Modern and contemporary works have taken up most of the oxygen at Sotheby’s and Christie’s of late, but the former has lined up a significant collection of ten pictures for its upcoming Master’s Week auction on 26 January 2023, led by an early Peter Paul Rubens painting it expects to fetch between $25m and $35m.
Such a result would represent a five-fold increase from its previous appearance at public auction, following its rediscovery in 1998, when Salome presented with the severed head of Saint John the Baptist (around 1609) sold for $5.5m, also at Sotheby’s in New York, at the time a record sum for the Flemish Baroque master’s work at auction. That figure has since been surpassed ten times, most famously just four years later when the monumental The Massacre of the Innocents (around 1609-11) fetched an astounding £49.5m at Sotheby’s in London. (That work is now in the collection of the Art Gallery of Ontario.)

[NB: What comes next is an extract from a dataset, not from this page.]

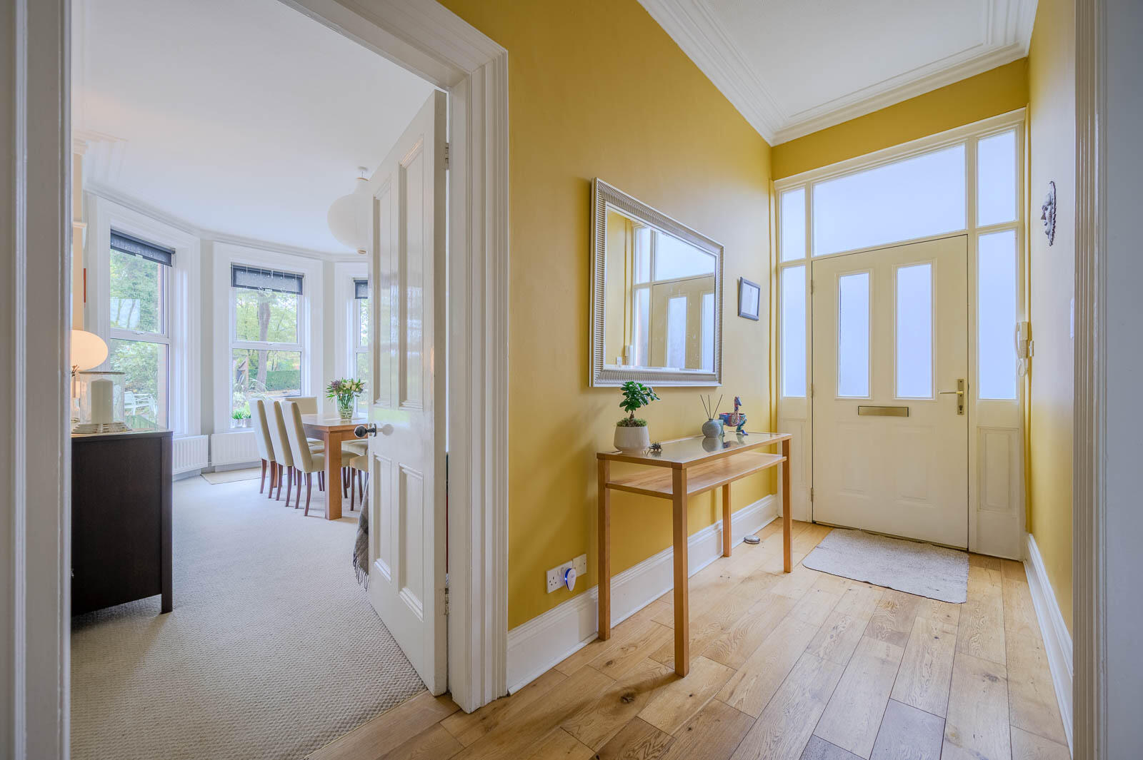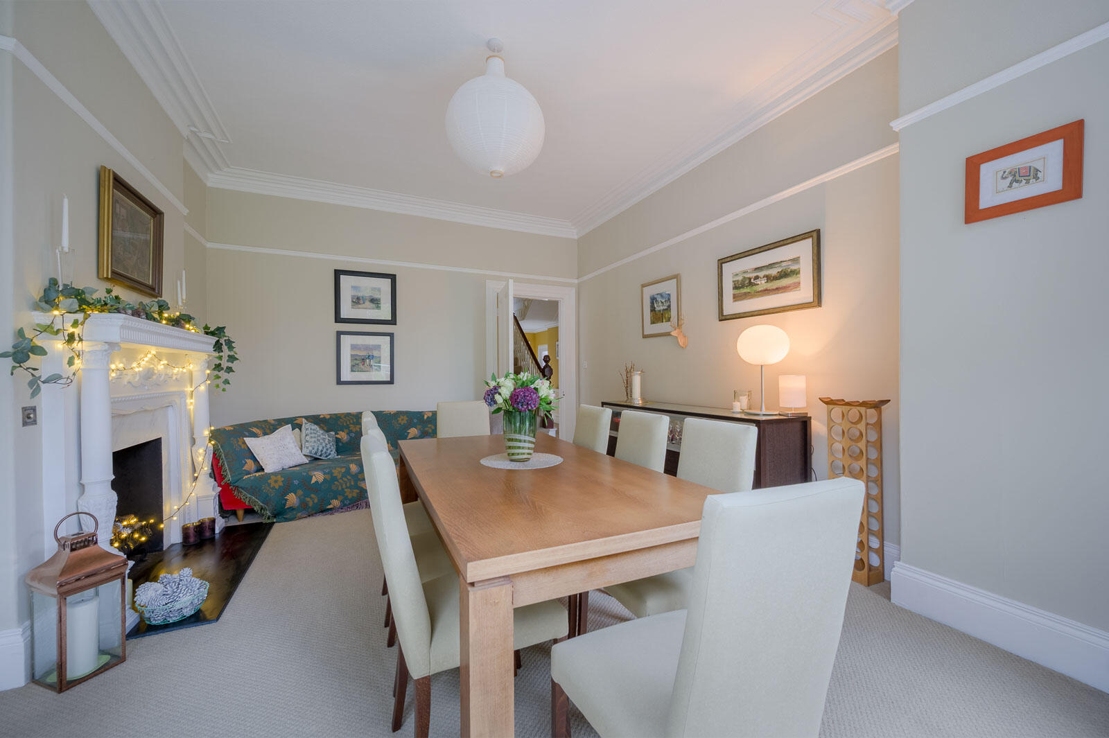 A welcoming entrance hallway with solid wood flooring, decorative coving, and an original balustrade leads to the formal dining room, rich in period character with a bay window, feature fireplace, and serene neutral décor. The adjoining lounge provides an elegant entertaining space, also with a bay window and ornate fireplace.

The Salome presented with the severed head of Saint John the Baptist coming to auction in January—an exceptionally bloody rendering of the Biblical beheading scene painted by so many Old Masters—was exhibited at the National Gallery in London in the early 2000s and then was included in the gallery’s exhibition Rubens: A Master in the Making in 2005-2006. The painting is, according to Sotheby’s head of Old Masters in New York Christopher Apostle, “in so many ways epitomizing the very essence of the Baroque”. Its return to market comes with the endorsement of Keith Christiansen, the Metropolitan Museum of Art’s former chairman of the department of European paintings (now curator emeritus), who said in a statement, “Rubens’s depiction of the beheading of Saint John the Baptist, painted after his return to Antwerp, is a work in which the still young artist fearlessly explores the violent and sexual dynamics of the Biblical narrative like some pre-cinematic Martin Scorsese. It’s the kind of painting that, once seen, you won’t forget.”

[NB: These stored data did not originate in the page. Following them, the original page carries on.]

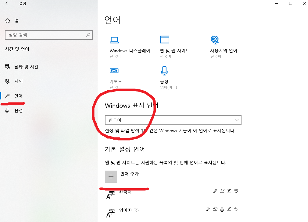 만약 한국어가 없다면, " + 언어 추가 " 를 통해서 한국어를 설치하셔야 합니다.(다른 필요한 언어를 선택 후에 설치 하시면 됩니다. 설치 후 선택!)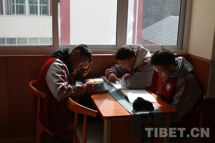 圖為陽(yáng)光下看書的學(xué)生們 攝影:登真巴珍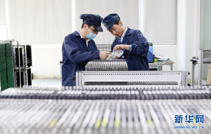 在科大智能SMT車間生產線,工作人員正在查看生產情況。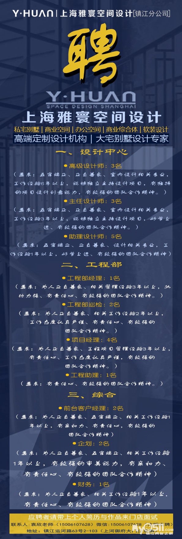 » 上海雅寰设计诚聘:设计师、前台、客户经理、业务员、设计助理、广告企划、工程巡检

Christiansen may have had many occasions to examine the painting up close, as its sellers are retired real estate mogul and Met trustee Mark Fisch and his estranged wife, former judge Rachel Davidson. The two are embroiled in a complicated divorce, in which the fate of their art collection, valued at $177m, is a major factor.
Ten works from that collection will be the star lots of Sotheby’s marquee Master’s Week sale and, in addition to the Rubens, standouts include a tenebrous Penitent Saint Mary Magdalene by Orazio Gentileschi (est $4m-$6m) and an early Baroque painting by Valentin de Boulogne, Christ Crowned with Thorns (around 1614, est $4m-$6m), which last changed hands at auction in 2016, also at Sotheby’s, fetching a record $5.2m. Another important, rediscovered work in the group is Georges de la Tour’s portrait of the apostle Saint James the Greater (est $3.5m-$5m), which was long believed to have been lost until its emergence in 2005.
Paintings from Fisch and Davidson’s collection are on view until 27 October at Sotheby’s New York headquarters, then will go on view there again 4-13 November during the house’s previews of its major November sales, before touring to its facilities in Los Angeles, Hong Kong and London.